This video from AdoramaTV profiles David’s journey as a concert photographer. David talks about how he started off his career, and shot for big clients including Sports Illustrated, through to finding himself touring with Bon Jovi.

YouTube video

It’s not much of a secret that I’m a big fan of seeing how others work and hearing about their photographic journey. Every photographer’s path to success is different. You can’t really follow in the footsteps of others to get where they are, especially today. But it’s interesting to hear about the opportunities they took advantage of, the choices they made and regrets they may have had.

It’s easy to get caught up in the work and the tough parts. Every once in a while put down the cameras, stake a step back, enjoy what’s going on around you, and have a whole lot of fun

– David Bergman

Hearing about the equipment others use and their general workflow is always interesting, too. Whether it’s a whole truck full of gear or one camera and one lens. It impresses upon the viewer the need to have an array of kit for certain jobs, as well as the times when the gear really doesn’t matter.

And speaking of gear, David says that he used to use all f/2.8 zooms. But with the ISO performance of today’s cameras, he doesn’t feel the need any more.
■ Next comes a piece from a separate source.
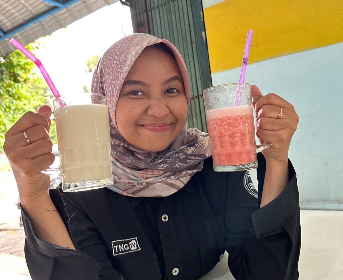“Untuk es dibandrol dengan harga Rp 15 ribu hingga Rp 18 ribu. Kalau untuk jus dibandrol dengan harga Rp 12 ribu untuk ukuran kecil dan Rp 15 ribu untuk ukuran besar. Nah, sering kali ada buah yang sering banget cepet abisnya yaitu alpukat. Bisa dibilang best sellernya disini dan es teler salah satunya,” lanjutnya.

David shoots three Canon 1DX Mark II cameras, along with a 24-105mm f/4 on the first, 100-400mm f/4.5-5.6 for the second and a remote camera on stage with the 16-35mm f/4.

David talks a little about the business side of things, and how the scene is evolving. The path that got him to where he is doesn’t even exist anymore. It’s not relevant. But there’s more need now for imagery than ever in history. He says that “somebody has to produce that and somebody’s getting paid for that”

Find your niche, whatever that is for you, and discover your own path.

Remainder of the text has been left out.